На каком-то уровне потрясения в университетской системе для Маруямы остались необъяснимы. Его презрение к «нацистскому» поведению тех, кто напал на него, было зафиксировано; для него не существовало более сильного выражения презрения, чем это. Должно быть, горько было видеть, как его идеал демократии как перманентной революции оказался таким образом разрушен. Но этот опыт не побудил его выступить в защиту статус-кво; его политика осталась такой, какой она была, то есть независимой и левоинтернационалистской (а не возвышенно-космополитической). Наоборот, с этого момента и вплоть до 1980-х годов работа Маруямы была посвящена «глубинным аспектам» истории Японии, в частности тому, что он последовательно называл «прототипом», «древним субстратом» (косо:
) и, наконец, basso ostinato, которое действовало в различных измерениях архаичного японского сознания292. Его цель состояла не в предотвращении изменений, а в их моделировании. «Перемены» воспринимались в контексте непрерывной преемственности (цугицуги то нариюку икиои), которая, казалось, противоречила прогрессивному, телеологическому взгляду на историю. Однако он заметил:Концепция линейной и непрерывной преемственности поколений [как в родословной] или событий, символизируемая цугицуги,
необязательно означала, что смысл истории вкладывается единообразно в каждый момент, и, следовательно, не обязательно исключала признание того, что в истории существуют этапы или поворотные моменты. <…> Древний субстрат не означает прогресс, а, скорее, имеет сверхъестественное сходство с представлением, основанным на биологической науке, об эволюции как процессе бесконечной адаптации. <…> Ядро образа истории в «древнем субстрате» составляет не прошлое, и не будущее, а не что иное, как «настоящее» [Маруяма 1972 :19, 35]293.В сфере политики Маруяма обнаружил взгляд на управление (мацуригото
), понимаемое как служение вышестоящему, то есть с точки зрения «подчинения» субъекта как такового.

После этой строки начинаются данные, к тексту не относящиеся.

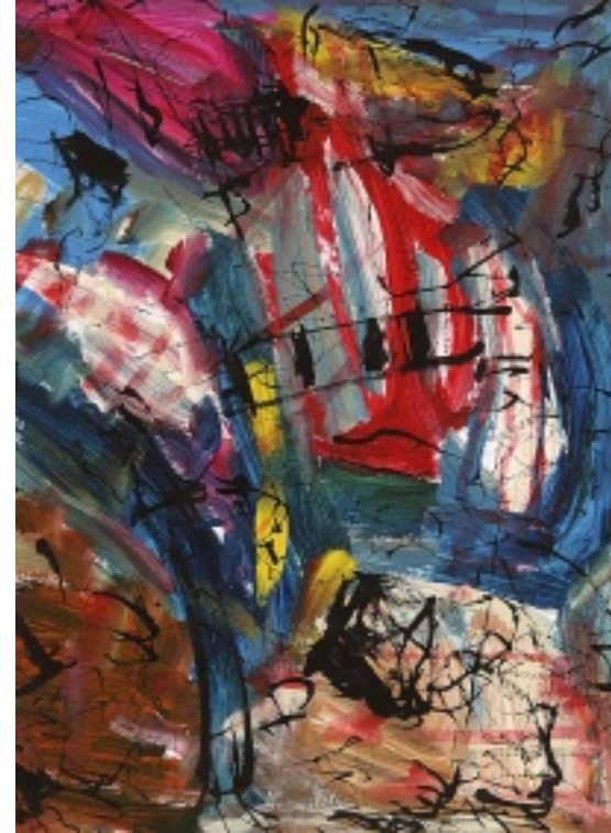
Talwärts I & II, 2011, Acryl/Tinte auf Papier, je 36,9 x 27,8 cm

Основываясь на филологических комментариях Мотоори Норинаги, Маруяма отверг влиятельное мнение Хираты Ацутанэ о том, что мацуригото возникло из поклонения императора ками, подчеркнув его изначально человеческий и политический характер: все эти поздние надстройки в рамках современной императорской системы, по мнению Хираты, были на самом деле извращением. Однако остается более важный момент: управление осуществляется от имени, а не самим монархом (или, предположительно, суверенным народом), в котором заключается легитимность. Отношение субъекта к государству понимается как форма «контрибуционизма». И поскольку источник легитимности системы отделен (чего не было в императорской России или Китае) от фактического обладателя власти, Маруяма утверждал, что «революция системы крайне маловероятна» [Maruyama 1988: 43].В этих исследованиях Маруяма отодвигал истоки «японской мысли» все дальше и дальше в прошлое, подобно тому как Янагита Кунио, следуя за «исконно японской культурой», все дальше и дальше уходил на периферию архипелага. «Спустя столетие после того, как Ницше рассуждал о смерти Бога», заметил Маруяма, в своей абсолютизации «настоящего» западный историзм на самом деле поразительно сблизился с японскими настроениями (дзо:кэй
). Он писал:Возможно, что «непрерывность перемен», отличающая наше историческое сознание, и в этом аспекте стала фактором, выдвинувшим Японию в число самых передовых стран мира. Следует ли нам рассматривать этот парадокс как еще один пример «коварства разума» или как комедию, которая быстро приближается к своему завершению? [Маруяма 1972: 41].